Let’s practice with a couple more problems. You can solve these problems the same way we solved the first one—just follow the problem-solving steps we covered earlier. For your reference, these steps are:
- Read through the problem carefully, and figure out what it’s about.
- Represent unknown numbers with variables.
- Translate the rest of the problem into a mathematical expression.
- Solve the problem.
- Check your work.
If you get stuck, you might want to review the problem on page 1. You can also take a look at our lesson on writing algebraic expressions for some tips on translating written words into math.
Problem 1
Try completing this problem on your own. When you’re done, move on to the next page to check your answer and see an explanation of the steps.
A single ticket to the fair costs $8. A family pass costs $25 more than half of that. How much does a family pass cost?
Problem 2
Here’s another problem to do on your own. As with the last problem, you can find the answer and explanation to this one on the next page.

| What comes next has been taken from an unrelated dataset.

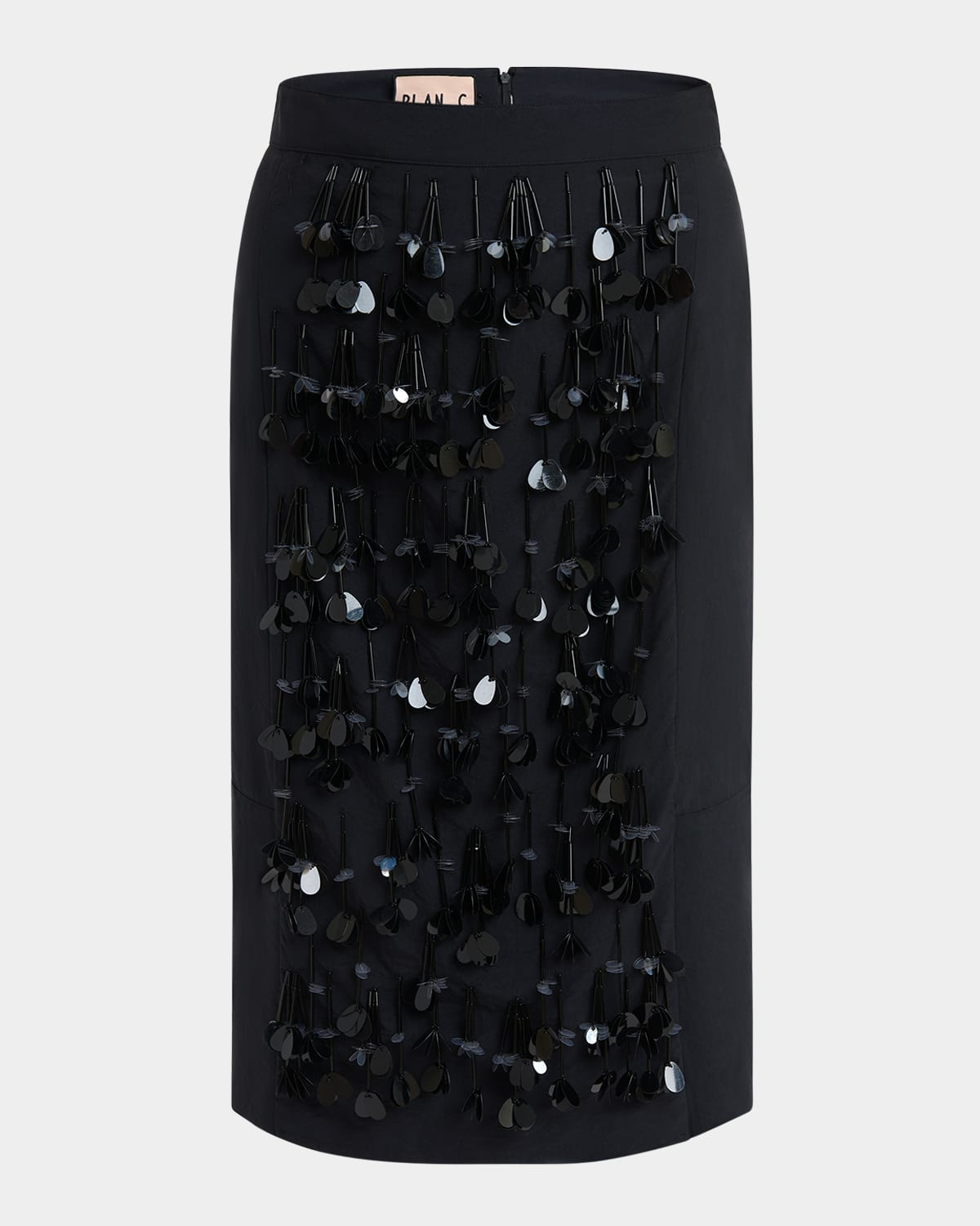 Plan C skirt with sequin embellishment High waist Midi length Straight silhouette Back zip Nylon/polyamide Made in Italy

Flor and Mo both donated money to the same charity. Flor gave three times as much as Mo. Between the two of them, they donated $280. How much money did Mo give?
Problem 1 Answer
Here’s Problem 1:
A single ticket to the fair costs $8. A family pass costs $25 more than half that. How much does a family pass cost?
Answer: $29
Let’s solve this problem step by step. We’ll solve it the same way we solved the problem on page 1.
Step 1: Read through the problem carefully
The first in solving any word problem is to find out what question the problem is asking you to solve and identify the information that will help you solve it. Let’s look at the problem again. The question is right there in plain sight:
A single ticket to the fair costs $8. A family pass costs $25 more than half that. How much does a family pass cost?

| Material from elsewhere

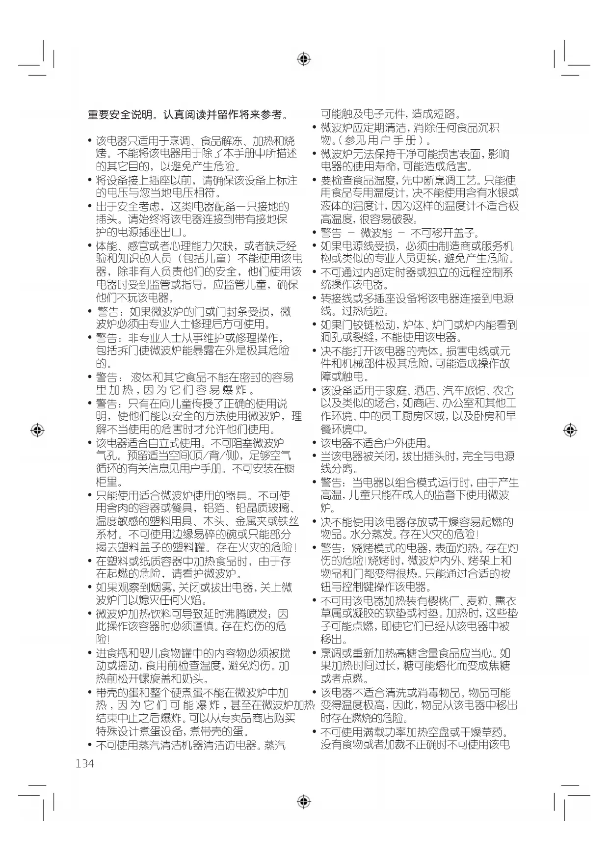 - 警告: 烧烤模式的电器,表面灼热 。存 在 灼 伤的危险!烧烤时,微波炉内外 、烤 架上和 物品和门都变得很热 。只 能 通过合适的按 钮与控制键操作该电器。

So is the information we’ll need to answer the question:
- A single ticket costs $8.
- The family pass costs $25 more than half the price of the single ticket.
Step 2: Represent the unknown numbers with variables
The unknown number in this problem is the cost of the family pass. We’ll represent it with the variable f.

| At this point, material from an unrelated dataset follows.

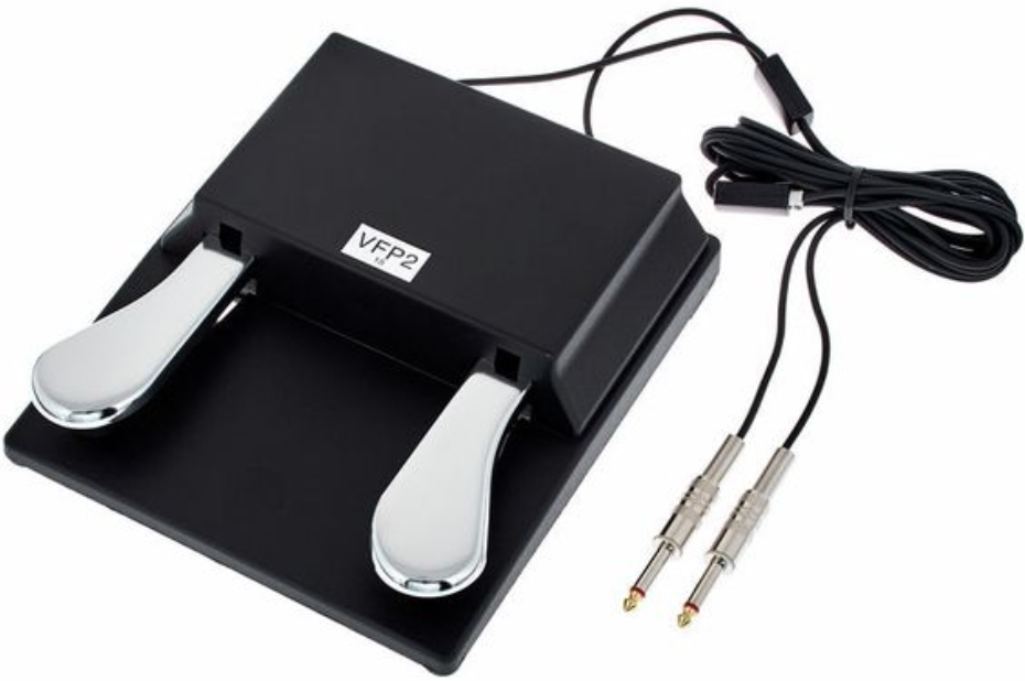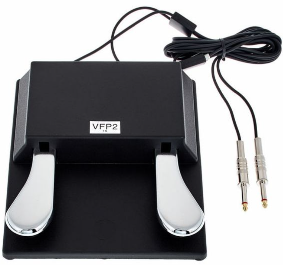 Le VFP2/15 combine une pédale de sustain principale et une pédale switch dans un même boîtier. Chaque fonction dispose de sa propre sortie jack 6,3 mm, permettant un contrôle distinct selon les capacités du clavier ou du piano numérique compatible.

Step 3: Translate the rest of the problem
Let’s look at the problem again. This time, the important facts are highlighted.
A single ticket to the fair costs $8. A family pass costs $25 more than half that. How much does a family pass cost?
In other words, we could say that the cost of a family pass equals half of $8, plus $25. To turn this into a problem we can solve, we’ll have to translate it into math. Here’s how:
- First, replace the cost of a family pass with our variable f.
- Next, take out the dollar signs and replace words like plus and equals with operators.
- Finally, translate the rest of the problem. Half of can be written as 1/2 times, or 1/2 ⋅ :
f equals half of $8 plus $25
f = half of 8 + 25
f = 1/2 ⋅ 8 + 25
Step 4: Solve the problem
Now all we have to do is solve our problem. Like with any problem, we can solve this one by following the order of operations.
- f is already alone on the left side of the equation, so all we have to do is calculate the right side.
- First, multiply 1/2 by 8. 1/2 ⋅ 8 is 4.
- Next, add 4 and 25. 4 + 25 equals 29 .
f = 1/2 ⋅ 8 + 25
f = 4 + 25
f = 29
That’s it! f is equal to 29. In other words, the cost of a family pass is $29.
Step 5: Check your work
Finally, let’s check our work by working backward from our answer. In this case, we should be able to correctly calculate the cost of a single ticket by using the cost we calculated for the family pass. Let’s look at the original problem again.
A single ticket to the fair costs $8. A family pass costs $25 more than half that. How much does a family pass cost?
We calculated that a family pass costs $29. Our problem says the pass costs $25 more than half the cost of a single ticket. In other words, half the cost of a single ticket will be $25 less than $29.
- We could translate this into this equation, with s standing for the cost of a single ticket.
- Let’s work on the right side first. 29 — 25 is 4.
- To find the value of s, we have to get it alone on the left side of the equation. This means getting rid of 1/2. To do this, we’ll multiply each side by the inverse of 1/2: 2.
1/2s = 29 — 25
1/2s = 4
s = 8
According to our math, s = 8. In other words, if the family pass costs $29, the single ticket will cost $8. Looking at our original problem, that’s correct!
A single ticket to the fair costs $8. A family pass costs $25 more than half that. How much does a family pass cost?
So now we’re sure about the answer to our problem: The cost of a family pass is $29.
Problem 2 Answer
Here’s Problem 2:
Flor and Mo both donated money to the same charity. Flor gave three times as much as Mo. Between the two of them, they donated $280. How much money did Mo give?
Answer: $70
Let’s go through this problem one step at a time.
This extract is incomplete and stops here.